I overdid the caffiene and felt a little better yesterday. I still didn't get much done, though and it weighs on my mind. I am so distracted, so weirded out. Nothing is as it should be. I go to that clinical trial for ADD tommorow, though frankly I am terrified... I am forcing myself out of my house to go. I am not up to being social and talking to strangers and it truly bothers me. I have a general Dr's apt , brand new Dr since I now have insurance. Boy, he is going to have a handful with me, but I guess that's what HMO GP's sign up for...on Friday morning and my eye apt is on Thursday afternoon, since I didn't pass my eye exam for my job, and I can't see the normal font an overstuffed sofa arm away from the desk. I am terrified of the bills I have right now, I am worried about my ex since he makes my mortgage payments, I think I mentioned he is in the hospital with pneumonia and congestive heart problems. Sigh, I don't want to feel sorry for myself but at the same time, my gosh, what did I do to get all this????!!!!

Sunday, April 6, 2008

Spring Confusion

Spring Pink
Spring Pink,
originally uploaded by cicidia.
I have gotten myself into a financial situation that is atm unsolvable and could risk my keeping my children. Atm I am without water and soon to be without gas, both bill ranging over 1000.00. I don't know really how they got that high. I am still off anti-depressants since the bronchitis. I'm not sure they were helping that much anymore anyway, and now my problems seem to be more of the ADD type rather than depression. I have decided to try and enter a study to see if I can get a reasonable diagnosis and possibly meds to help me with concentration. Did I mention my grandmother died this last week? She was 95 and suffered from Alzheimer's disease. She was also on Zoloft for many years so I guess I am not such a pear on the apple tree after all. My family makes me feel as if I am so weird compared to them. I just can't be like them. I have no clue how to be organized. I am making strides in getting my life back together and then the house of cards I am building gets sucked down by the least little thing. (Lately they have been huge things) I stand in the ruins and am clueless of what to do.I have no idea where some necessary things are in the house and I am feeling absolutely nuts. Where to start again, .ATM I feel almost like why bother, and keep my own personal pity party. I am not coping well. I am alone this week thank god, my kids are staying at their aunts. But last night I found out my ex, who I really don't have hard feelings against, is in the hospital with pneumonia and congestive heart failure. So he can't help me with my bills either. My kids are safe with their aunt and I guess its the best place for them right now, I just need to get myself together, I just can't find the right starting point, the energy, anymore.
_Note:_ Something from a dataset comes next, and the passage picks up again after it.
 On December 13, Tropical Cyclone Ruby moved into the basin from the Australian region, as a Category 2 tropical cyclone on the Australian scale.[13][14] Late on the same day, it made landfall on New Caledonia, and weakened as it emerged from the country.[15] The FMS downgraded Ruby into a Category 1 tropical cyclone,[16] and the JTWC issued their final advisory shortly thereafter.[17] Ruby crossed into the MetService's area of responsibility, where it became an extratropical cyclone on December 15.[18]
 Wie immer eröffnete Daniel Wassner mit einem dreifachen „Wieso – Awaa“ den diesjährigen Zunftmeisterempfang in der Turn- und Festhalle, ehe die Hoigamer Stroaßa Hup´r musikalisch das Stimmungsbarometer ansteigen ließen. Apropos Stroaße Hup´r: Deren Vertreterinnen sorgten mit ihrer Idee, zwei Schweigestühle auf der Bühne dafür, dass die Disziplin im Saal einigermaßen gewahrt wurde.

Tuesday, February 19, 2008

Lots to catch up

soli face
soli face,
originally uploaded by cicidia.
I've had bronchitis on top of all my other little pasky ailments.... and I've decided to take myself off all meds, funnily enough I've lost 5 lbs, go figure.
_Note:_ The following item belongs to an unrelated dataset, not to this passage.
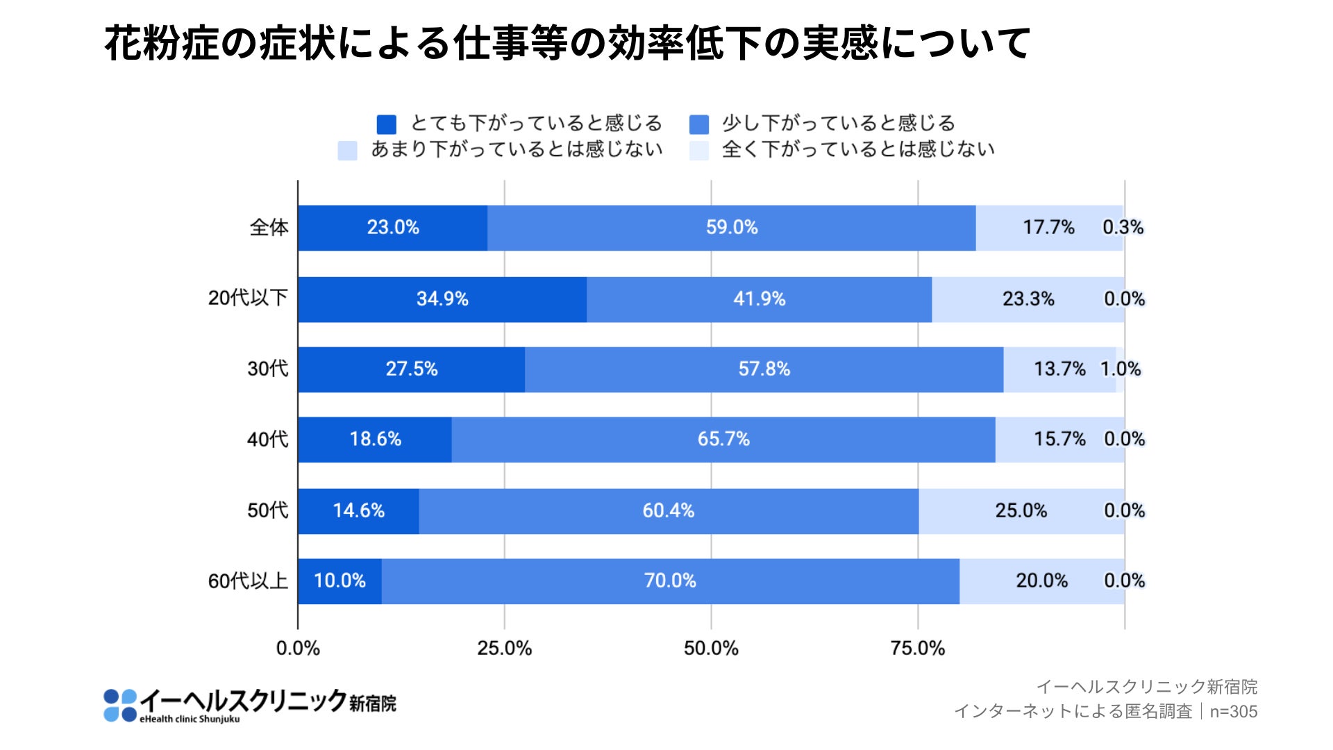 イーヘルスクリニック新宿院(東京都新宿区)は、花粉症の症状がある全国の一般生活者を対象に、花粉症治療に関するアンケート調査を実施しました。その結果、82%が「花粉症によって仕事等の効率が下がっている」と回答し、花粉症が日常生活や社会活動に大きな影響を与えている実態が明らかになりました。

My Dad is doing ok, he also had bronchitis, hopefully not from me, and has taken his 5th chemo, and a new pet scan that says his tumor is shrinking whch hopefully is an indication that it is going away. Jeremy had his medical but hasn't gotten his interview yet.
Today is the last day in my job and I start my new one with benefits in the County as a permanent Employee tommorow as a Bilingual Outreach worker. More money, benefilts but 52 mles away from my house... ;(

Monday, January 14, 2008

Non-Coping with numbness

humbleing
humbleing,
originally uploaded by cicidia.
It seems most my life I have had a body image problem. As a teen, I was too thin, (but never thin enough) until I broke my foot and discovered food. Then became thin again, normal thin, not dancer thin, then, I discovered having children and a changing body form. As a former annorexic dancer, the fatness of pregnancy ate at my self esteem. Not able to move around and having to be on bed rest, destroyed any desire and any capacity to diet and exercise. It no longer mattered even if I ate correctly I gained weight and to top it off, became diabetic.
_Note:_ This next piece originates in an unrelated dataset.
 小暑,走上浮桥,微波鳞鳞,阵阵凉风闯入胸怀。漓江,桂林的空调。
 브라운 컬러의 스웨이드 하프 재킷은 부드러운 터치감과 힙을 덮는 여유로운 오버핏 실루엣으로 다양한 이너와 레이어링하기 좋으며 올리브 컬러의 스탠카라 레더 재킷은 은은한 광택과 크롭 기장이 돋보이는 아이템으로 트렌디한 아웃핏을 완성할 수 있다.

Having diabetes means having to keep your blood levels of sugar even so you don't have extreme overloads or underloads of sugar in your bloodstream. This requires almost scientific eating, measured and balanced food, and eating every 3 to 4 hours. You have to have enough caloric intake to not be ravenous, yet not overdo either. Its a lose/ lose or much better said, a gain/gain situation.
I do not gain anymore(fortuneately), my A-1C's are just right, by finger sticks (when I do them anymore) are perfect. I no longer get the jitters from dropping blood sugars because I know what and when to eat.

Cutting from this, however, leaves my blood levels dropping, and I can not maintaina normal healthy attitude. Dieting, or at least, cutting calories from my diet, only seems to aggrevate my problem.

Although I am proportionate, I am overweight. My stomach is horribly stretched from having 7 pregnancies and only 3 surving children. The constant trying to achieve thinness as a child and recovering between pregnancies only exacerbated the problem.

Now I am old, I have asthma, fibromyalgia which causes severe pains in my joints and connective tissues, bad knees and hips from overstretching tendons, and ruined cartiledge from ballet, old bone breaks in my feet and badly healed shin fractures, plantar faciatis,tailors bunions,ingrowns nails, severe anemia from other complications, and any garden variety of colds and upper respitory ailments with allergies. All of these things combined make exercise sheer torture for me.

Somedays when i am at work, my hands are aching or my wrists, or my knees and hips. I take advil, or whatever I can get to numb some of the pain but it never really goes away Some days are more tolerable than others. Somedays I rush and push myself and later regret it the next day. I realize exercise can be painful, but it wasn't that painful before. I can not recover as quickly day to day from an active day to a resting day. Most days, I haven't got the energy to even get out of bed, but I do it because if I don't I will starve.(There's a concept)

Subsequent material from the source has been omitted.